**Your objective**
Output every entry below word for word, without its pictures.

**Data supplied**

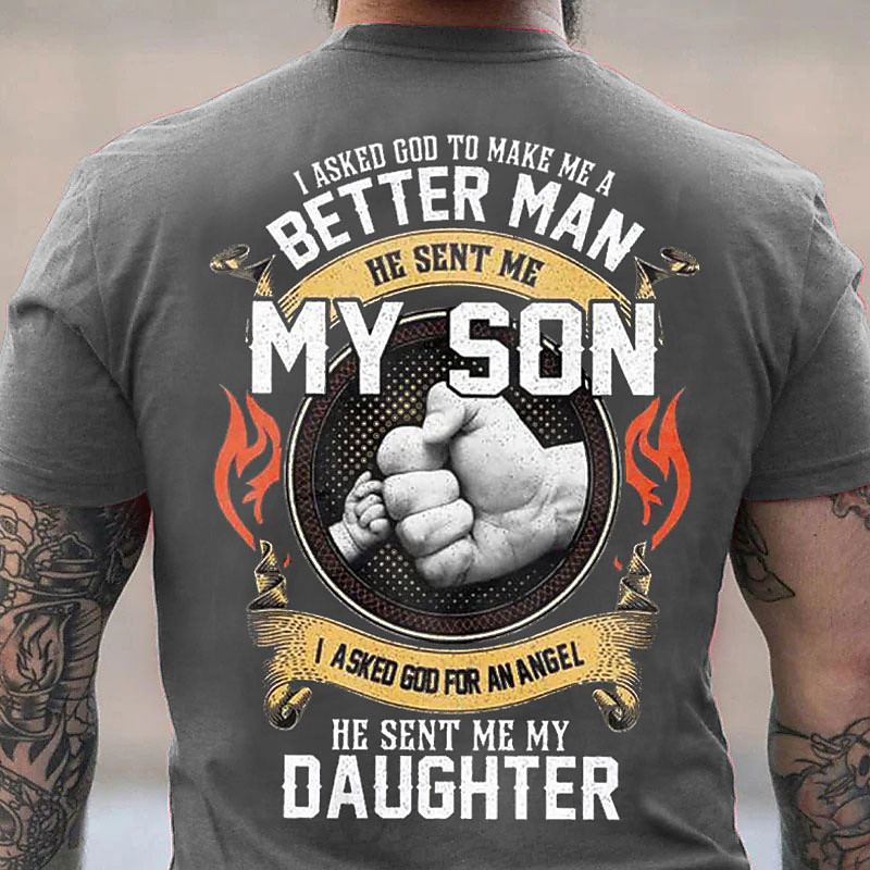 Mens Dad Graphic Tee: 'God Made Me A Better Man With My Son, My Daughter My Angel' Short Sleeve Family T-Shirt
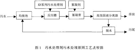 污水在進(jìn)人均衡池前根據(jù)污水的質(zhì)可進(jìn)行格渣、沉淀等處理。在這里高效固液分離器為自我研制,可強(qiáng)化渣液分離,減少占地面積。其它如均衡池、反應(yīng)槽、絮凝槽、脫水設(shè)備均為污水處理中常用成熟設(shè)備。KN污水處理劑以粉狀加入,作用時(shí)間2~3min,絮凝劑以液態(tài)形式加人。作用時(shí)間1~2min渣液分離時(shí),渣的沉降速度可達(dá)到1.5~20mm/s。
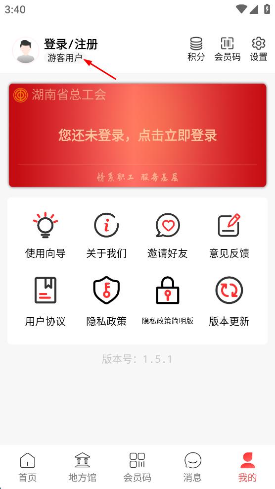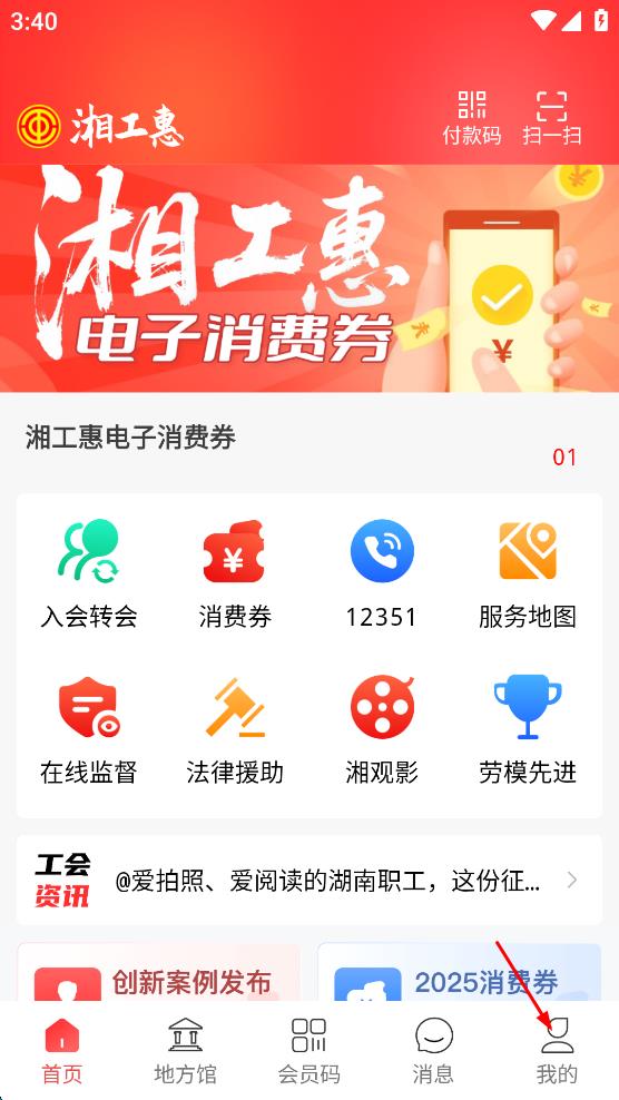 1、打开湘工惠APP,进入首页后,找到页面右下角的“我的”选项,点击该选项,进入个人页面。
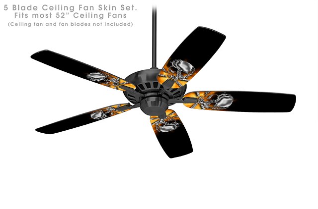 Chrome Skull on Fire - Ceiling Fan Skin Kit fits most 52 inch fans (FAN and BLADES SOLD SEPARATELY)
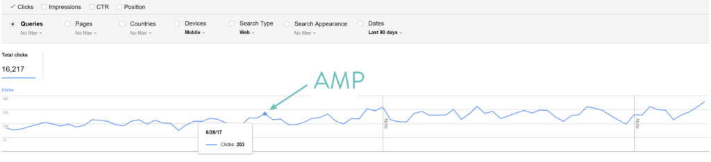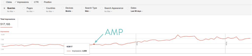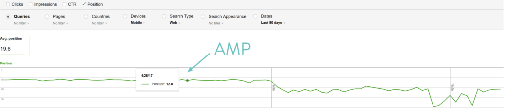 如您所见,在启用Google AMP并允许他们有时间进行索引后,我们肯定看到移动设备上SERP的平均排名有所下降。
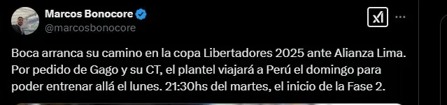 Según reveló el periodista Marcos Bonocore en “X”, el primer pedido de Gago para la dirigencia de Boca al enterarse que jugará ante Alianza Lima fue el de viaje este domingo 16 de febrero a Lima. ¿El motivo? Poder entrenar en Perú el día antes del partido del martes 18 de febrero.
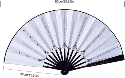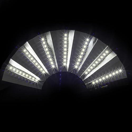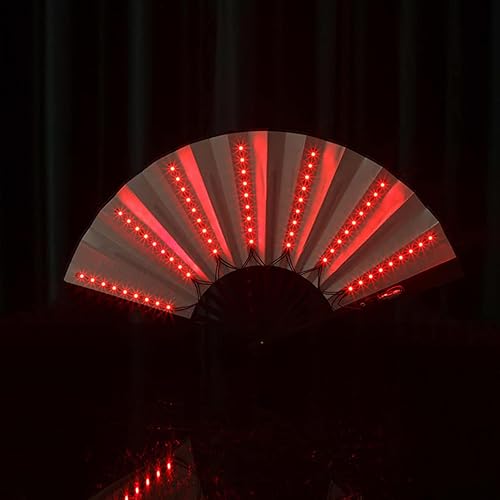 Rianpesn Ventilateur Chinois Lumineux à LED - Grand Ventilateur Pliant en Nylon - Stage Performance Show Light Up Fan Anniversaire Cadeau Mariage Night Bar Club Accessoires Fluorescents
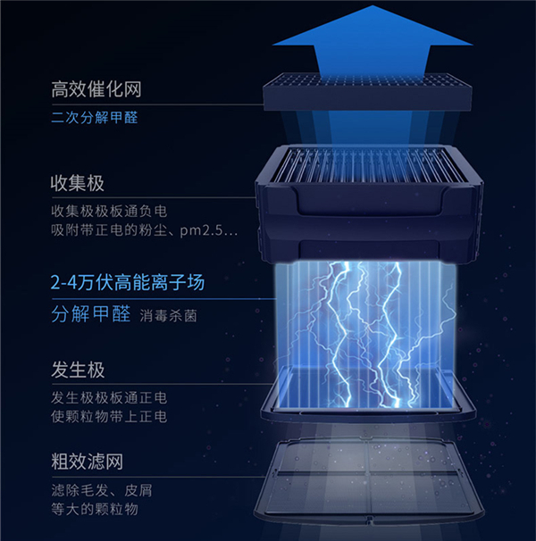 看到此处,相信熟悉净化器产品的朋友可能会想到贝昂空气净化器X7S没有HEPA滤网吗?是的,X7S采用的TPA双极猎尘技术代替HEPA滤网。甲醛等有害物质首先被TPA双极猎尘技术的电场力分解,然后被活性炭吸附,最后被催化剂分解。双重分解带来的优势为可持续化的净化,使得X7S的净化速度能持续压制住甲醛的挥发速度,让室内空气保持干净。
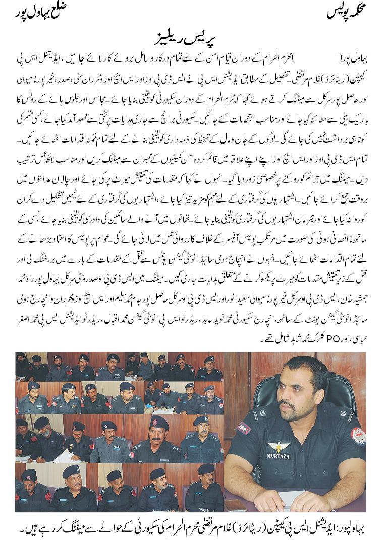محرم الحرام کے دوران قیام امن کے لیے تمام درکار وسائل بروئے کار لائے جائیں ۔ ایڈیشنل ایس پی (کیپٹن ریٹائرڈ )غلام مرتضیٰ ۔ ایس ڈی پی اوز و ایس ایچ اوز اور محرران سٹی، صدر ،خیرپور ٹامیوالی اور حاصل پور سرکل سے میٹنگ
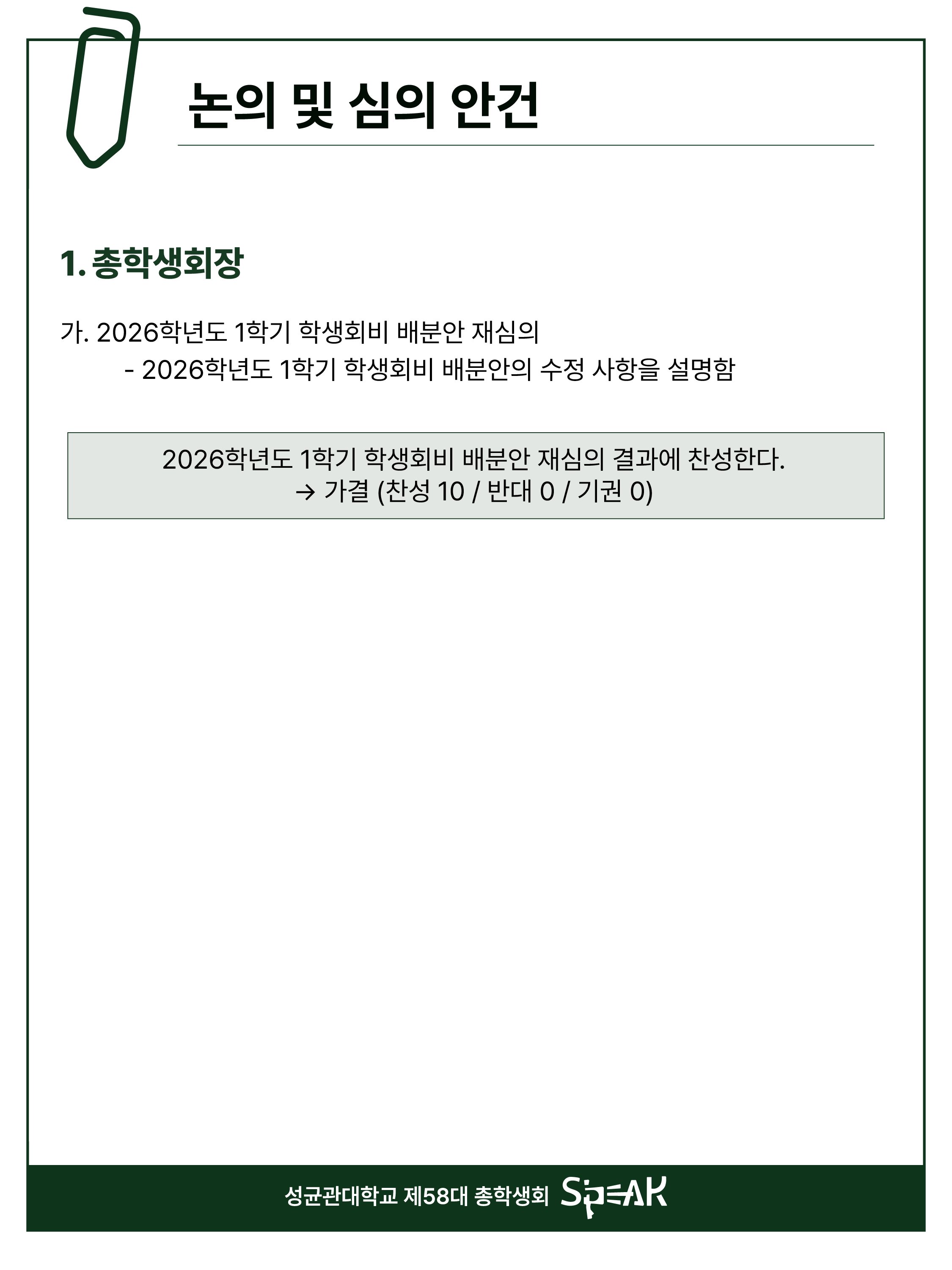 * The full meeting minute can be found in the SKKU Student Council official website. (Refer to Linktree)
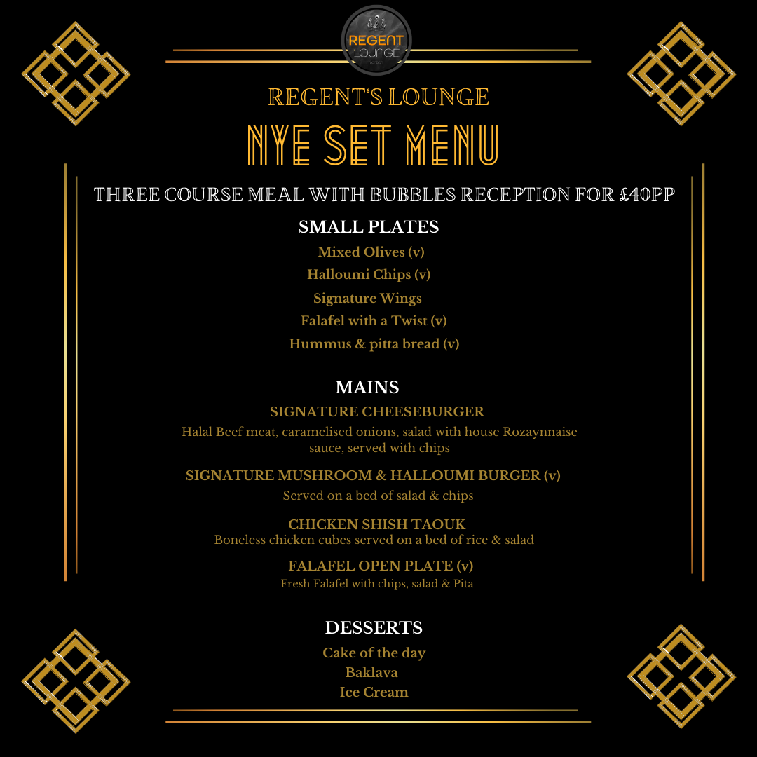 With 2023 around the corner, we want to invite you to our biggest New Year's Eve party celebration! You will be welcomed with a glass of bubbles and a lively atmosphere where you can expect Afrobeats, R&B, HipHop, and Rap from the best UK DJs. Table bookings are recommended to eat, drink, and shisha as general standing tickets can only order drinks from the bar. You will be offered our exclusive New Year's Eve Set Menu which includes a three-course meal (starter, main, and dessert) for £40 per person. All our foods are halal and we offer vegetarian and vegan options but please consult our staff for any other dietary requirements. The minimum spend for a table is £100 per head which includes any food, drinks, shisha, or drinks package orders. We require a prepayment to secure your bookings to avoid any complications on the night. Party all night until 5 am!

**Expected output**
 Mens Dad Graphic Tee: 'God Made Me A Better Man With My Son, My Daughter My Angel' Short Sleeve Family T-Shirt
 污水在進(jìn)人均衡池前根據(jù)污水的質(zhì)可進(jìn)行格渣、沉淀等處理。在這里高效固液分離器為自我研制,可強(qiáng)化渣液分離,減少占地面積。其它如均衡池、反應(yīng)槽、絮凝槽、脫水設(shè)備均為污水處理中常用成熟設(shè)備。KN污水處理劑以粉狀加入,作用時(shí)間2~3min,絮凝劑以液態(tài)形式加人。作用時(shí)間1~2min渣液分離時(shí),渣的沉降速度可達(dá)到1.5~20mm/s。
 1、打开湘工惠APP,进入首页后,找到页面右下角的“我的”选项,点击该选项,进入个人页面。
 Chrome Skull on Fire - Ceiling Fan Skin Kit fits most 52 inch fans (FAN and BLADES SOLD SEPARATELY)
 如您所见,在启用Google AMP并允许他们有时间进行索引后,我们肯定看到移动设备上SERP的平均排名有所下降。
 Según reveló el periodista Marcos Bonocore en “X”, el primer pedido de Gago para la dirigencia de Boca al enterarse que jugará ante Alianza Lima fue el de viaje este domingo 16 de febrero a Lima. ¿El motivo? Poder entrenar en Perú el día antes del partido del martes 18 de febrero.
 Rianpesn Ventilateur Chinois Lumineux à LED - Grand Ventilateur Pliant en Nylon - Stage Performance Show Light Up Fan Anniversaire Cadeau Mariage Night Bar Club Accessoires Fluorescents
 看到此处,相信熟悉净化器产品的朋友可能会想到贝昂空气净化器X7S没有HEPA滤网吗?是的,X7S采用的TPA双极猎尘技术代替HEPA滤网。甲醛等有害物质首先被TPA双极猎尘技术的电场力分解,然后被活性炭吸附,最后被催化剂分解。双重分解带来的优势为可持续化的净化,使得X7S的净化速度能持续压制住甲醛的挥发速度,让室内空气保持干净。
محرم الحرام کے دوران قیام امن کے لیے تمام درکار وسائل بروئے کار لائے جائیں ۔ ایڈیشنل ایس پی (کیپٹن ریٹائرڈ )غلام مرتضیٰ ۔ ایس ڈی پی اوز و ایس ایچ اوز اور محرران سٹی، صدر ،خیرپور ٹامیوالی اور حاصل پور سرکل سے میٹنگ
 * The full meeting minute can be found in the SKKU Student Council official website. (Refer to Linktree)
 With 2023 around the corner, we want to invite you to our biggest New Year's Eve party celebration! You will be welcomed with a glass of bubbles and a lively atmosphere where you can expect Afrobeats, R&B, HipHop, and Rap from the best UK DJs. Table bookings are recommended to eat, drink, and shisha as general standing tickets can only order drinks from the bar. You will be offered our exclusive New Year's Eve Set Menu which includes a three-course meal (starter, main, and dessert) for £40 per person. All our foods are halal and we offer vegetarian and vegan options but please consult our staff for any other dietary requirements. The minimum spend for a table is £100 per head which includes any food, drinks, shisha, or drinks package orders. We require a prepayment to secure your bookings to avoid any complications on the night. Party all night until 5 am!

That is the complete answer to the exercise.